Problem to work on: Where the listing shows an image, skip it and output all other material unchanged.
╭─ Material provided
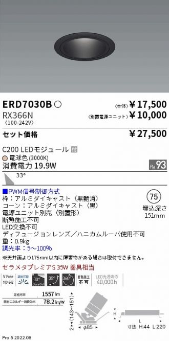 ユニバーサルダウンライト ブラックコーン Φ75(ERD7030B+RX366N)
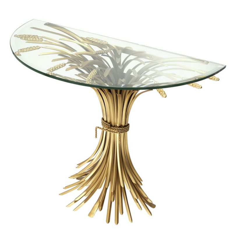 Consola design LUX Bonheur reflecta unicitatea meticuloasei baze cu un design ce aduce cu spicele de grau in finisaj auriu antic. Impreuna cu blatul din sticla tesita aceasta piesa de mobilier va adauga o nota exclusiva interiorului casei dvs.
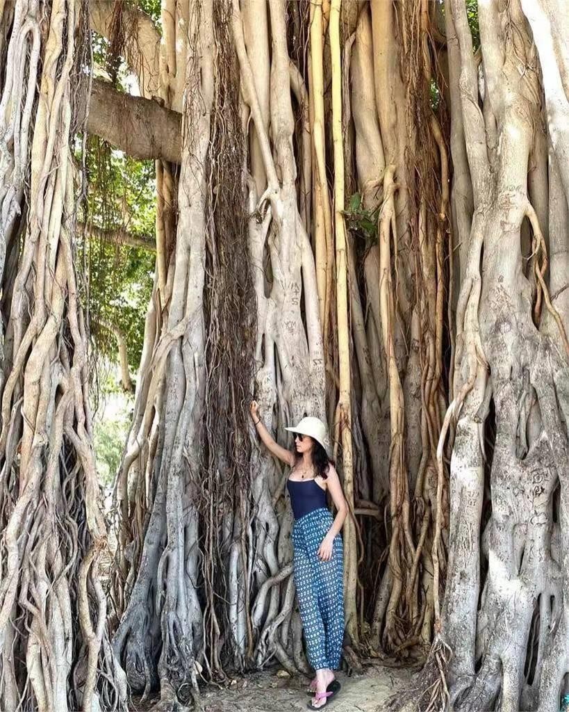 同时,林熙蕾还戴着一顶草帽和墨镜,在大树前方摆POSE拍照,心情看起来相当惬意自在。
╰─
Answer to this problem:
 ユニバーサルダウンライト ブラックコーン Φ75(ERD7030B+RX366N)
 Consola design LUX Bonheur reflecta unicitatea meticuloasei baze cu un design ce aduce cu spicele de grau in finisaj auriu antic. Impreuna cu blatul din sticla tesita aceasta piesa de mobilier va adauga o nota exclusiva interiorului casei dvs.
 同时,林熙蕾还戴着一顶草帽和墨镜,在大树前方摆POSE拍照,心情看起来相当惬意自在。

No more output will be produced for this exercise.